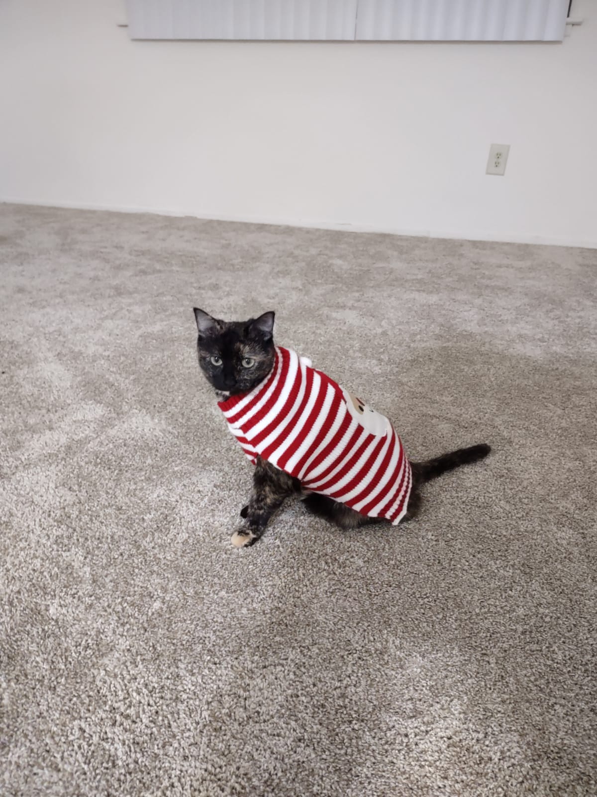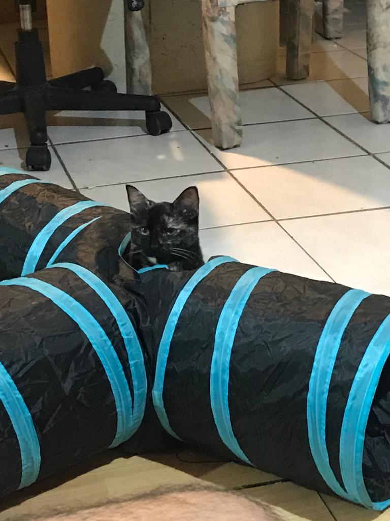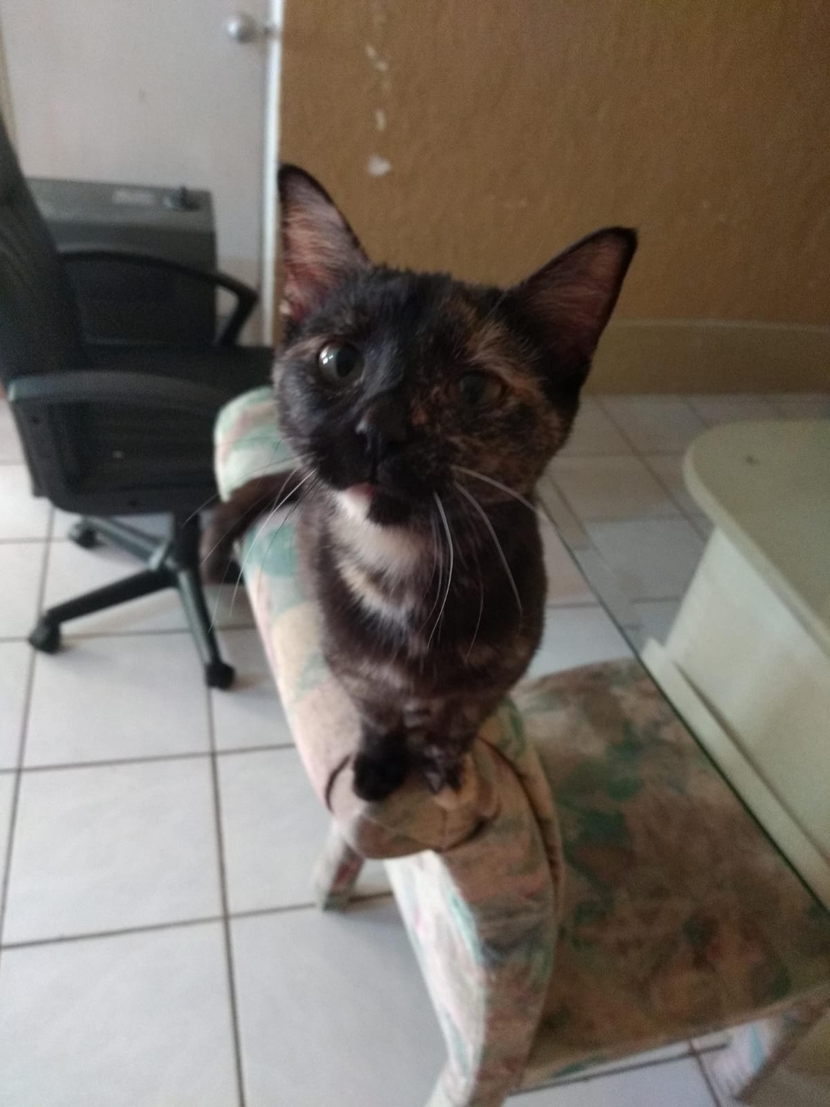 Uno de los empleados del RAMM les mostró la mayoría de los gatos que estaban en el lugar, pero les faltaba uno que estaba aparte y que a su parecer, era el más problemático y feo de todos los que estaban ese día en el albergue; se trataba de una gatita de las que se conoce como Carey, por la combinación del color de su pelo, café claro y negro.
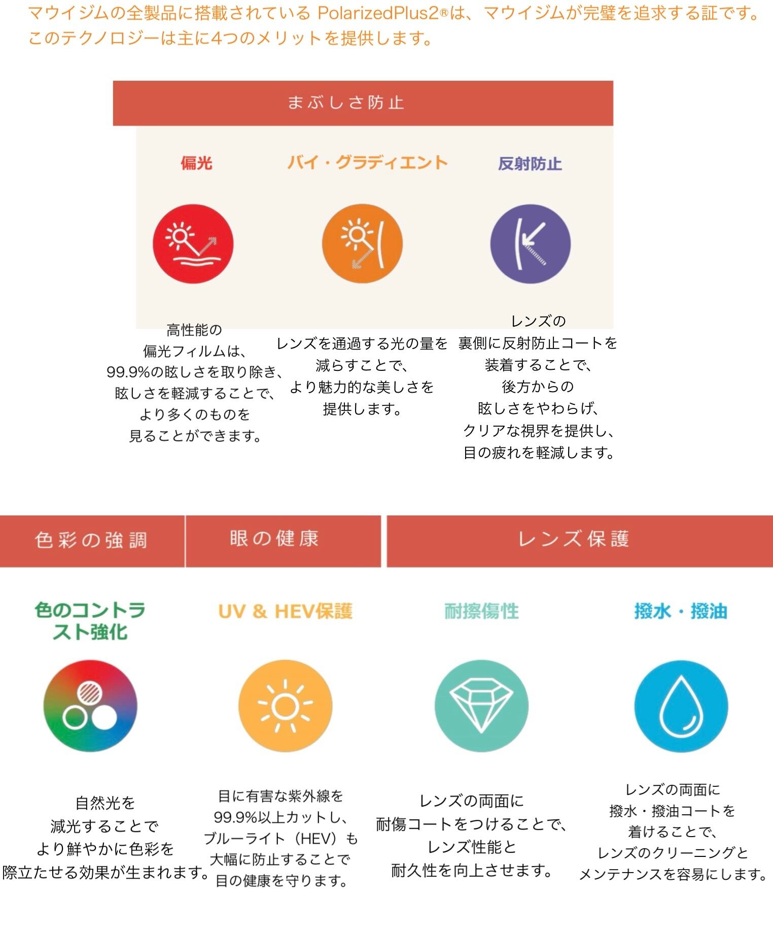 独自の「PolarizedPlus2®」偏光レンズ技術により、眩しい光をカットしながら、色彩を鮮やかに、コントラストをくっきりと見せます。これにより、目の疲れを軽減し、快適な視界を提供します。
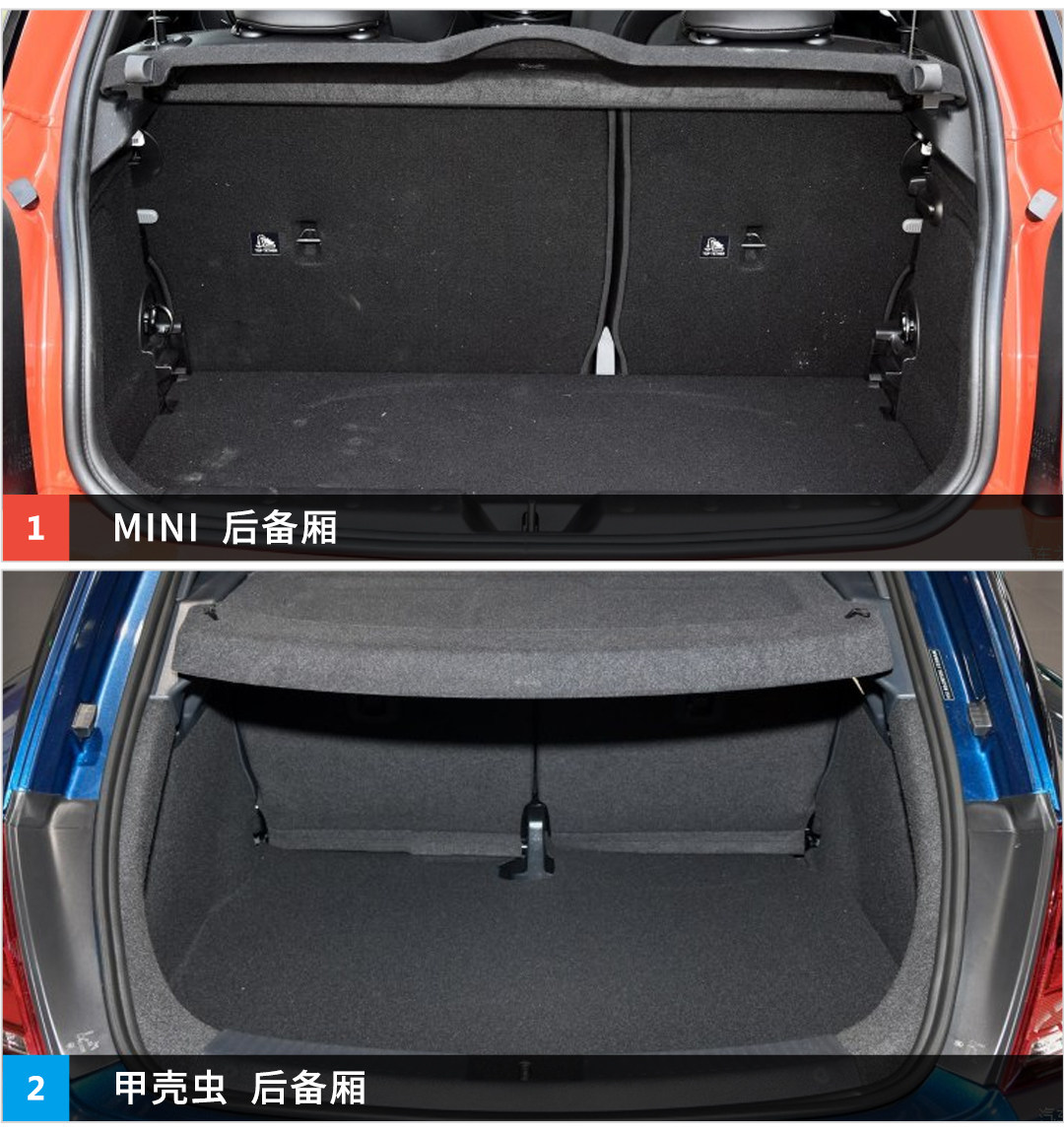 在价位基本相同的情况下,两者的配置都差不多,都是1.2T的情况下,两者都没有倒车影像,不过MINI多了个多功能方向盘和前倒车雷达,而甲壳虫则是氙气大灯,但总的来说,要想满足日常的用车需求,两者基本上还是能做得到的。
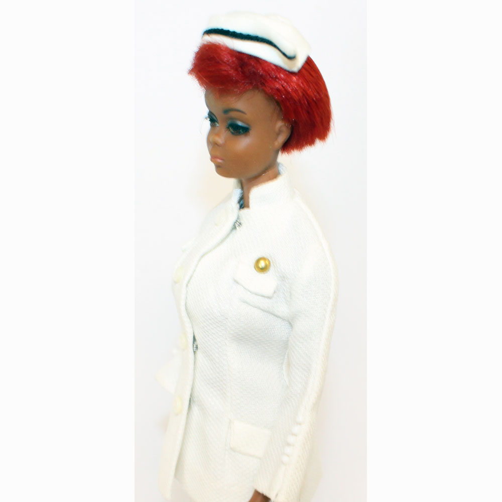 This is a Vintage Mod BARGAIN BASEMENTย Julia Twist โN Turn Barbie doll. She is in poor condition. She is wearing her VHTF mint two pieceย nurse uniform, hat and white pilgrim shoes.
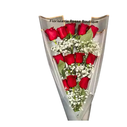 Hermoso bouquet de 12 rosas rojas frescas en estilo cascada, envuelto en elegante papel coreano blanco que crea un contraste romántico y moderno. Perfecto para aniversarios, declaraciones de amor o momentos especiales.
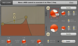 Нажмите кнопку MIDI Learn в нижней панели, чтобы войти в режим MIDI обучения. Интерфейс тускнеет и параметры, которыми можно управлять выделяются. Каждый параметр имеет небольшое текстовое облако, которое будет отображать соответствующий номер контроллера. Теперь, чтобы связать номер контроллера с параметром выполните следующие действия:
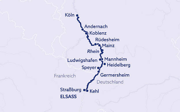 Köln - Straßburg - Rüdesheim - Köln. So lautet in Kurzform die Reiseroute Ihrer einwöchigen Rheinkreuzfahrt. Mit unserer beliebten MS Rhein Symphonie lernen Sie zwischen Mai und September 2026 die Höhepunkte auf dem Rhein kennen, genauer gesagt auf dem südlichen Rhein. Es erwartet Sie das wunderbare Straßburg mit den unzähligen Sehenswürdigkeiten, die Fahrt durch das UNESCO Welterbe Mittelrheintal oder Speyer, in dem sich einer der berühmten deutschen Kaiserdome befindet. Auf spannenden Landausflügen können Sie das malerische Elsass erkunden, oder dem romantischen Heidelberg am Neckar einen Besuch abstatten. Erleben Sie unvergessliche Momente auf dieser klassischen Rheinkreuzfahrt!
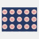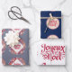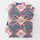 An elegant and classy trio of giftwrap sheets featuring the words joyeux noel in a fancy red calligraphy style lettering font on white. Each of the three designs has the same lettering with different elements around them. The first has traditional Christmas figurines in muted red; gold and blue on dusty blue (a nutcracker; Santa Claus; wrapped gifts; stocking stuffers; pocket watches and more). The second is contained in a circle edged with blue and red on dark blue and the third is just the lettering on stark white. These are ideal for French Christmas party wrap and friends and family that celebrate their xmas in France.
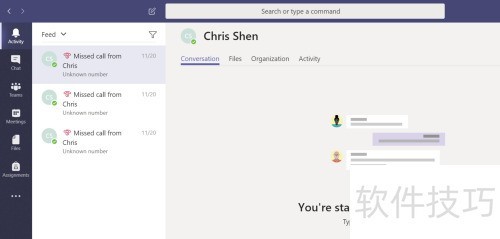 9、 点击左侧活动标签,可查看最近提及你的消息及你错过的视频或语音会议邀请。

** AIM OF THE EXERCISE **
Above are some records; extract exactly the lines from the one containing "独自の「PolarizedP" through the one containing "Hermoso bouquet de" and drop the pictures.

** PROBLEM SOLUTION **
 独自の「PolarizedPlus2®」偏光レンズ技術により、眩しい光をカットしながら、色彩を鮮やかに、コントラストをくっきりと見せます。これにより、目の疲れを軽減し、快適な視界を提供します。
 在价位基本相同的情况下,两者的配置都差不多,都是1.2T的情况下,两者都没有倒车影像,不过MINI多了个多功能方向盘和前倒车雷达,而甲壳虫则是氙气大灯,但总的来说,要想满足日常的用车需求,两者基本上还是能做得到的。
 This is a Vintage Mod BARGAIN BASEMENTย Julia Twist โN Turn Barbie doll. She is in poor condition. She is wearing her VHTF mint two pieceย nurse uniform, hat and white pilgrim shoes.
 Hermoso bouquet de 12 rosas rojas frescas en estilo cascada, envuelto en elegante papel coreano blanco que crea un contraste romántico y moderno. Perfecto para aniversarios, declaraciones de amor o momentos especiales.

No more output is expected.